Information provided:
════════

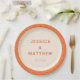 This personalized paper plate features a bold mid century modern geometric pattern in warm orange, pink, and yellow wrapping the rim, with the couple's names and wedding date centered on a cream background. The mod tile border brings a retro, vibrant energy that makes even the tableware feel intentional and design-forward. Customize with any names and date for a cohesive, eye-catching reception table. A perfect fit for a boho, maximalist, or vintage-inspired wedding celebration.
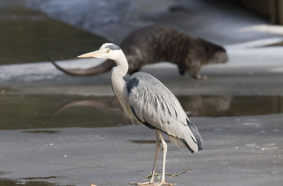 Vydry často nechávají ležet zbytky své kořisti na okraji ledu, čehož se naučily využívat volavky popelavé a orlové mořští. Někteří ptáci se na tento způsob získávání potravy přímo specializují. Vysedávají trpělivě v okolí pravidelných vydřích lovišť a požírají zbytky ryb, případně přímo na vydry útočí a pokoušejí se jim kořist sebrat. A to jak volavky, tak orli.
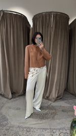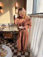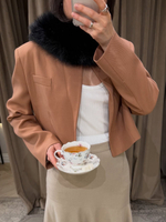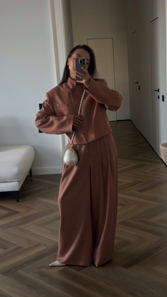 Объемный укороченный жакет с выразительными объемными плечами выполнен из смесовой полушерсти. Изделие выполнено с подкладом из поливискозы, застегивается на винтажные пуговицы — одна у воротника, другая внизу, что добавляет образу особый шарм. В пару к жакету отлично подойдут брюки из такой же ткани для завершенного образа.

════════

What you have to do:
Do not include the pictures. Quote only the lines from the line with "Vydry často nechávají" through the end of the material, both ends included, exactly.

Exercise response:
 Vydry často nechávají ležet zbytky své kořisti na okraji ledu, čehož se naučily využívat volavky popelavé a orlové mořští. Někteří ptáci se na tento způsob získávání potravy přímo specializují. Vysedávají trpělivě v okolí pravidelných vydřích lovišť a požírají zbytky ryb, případně přímo na vydry útočí a pokoušejí se jim kořist sebrat. A to jak volavky, tak orli.
 Объемный укороченный жакет с выразительными объемными плечами выполнен из смесовой полушерсти. Изделие выполнено с подкладом из поливискозы, застегивается на винтажные пуговицы — одна у воротника, другая внизу, что добавляет образу особый шарм. В пару к жакету отлично подойдут брюки из такой же ткани для завершенного образа.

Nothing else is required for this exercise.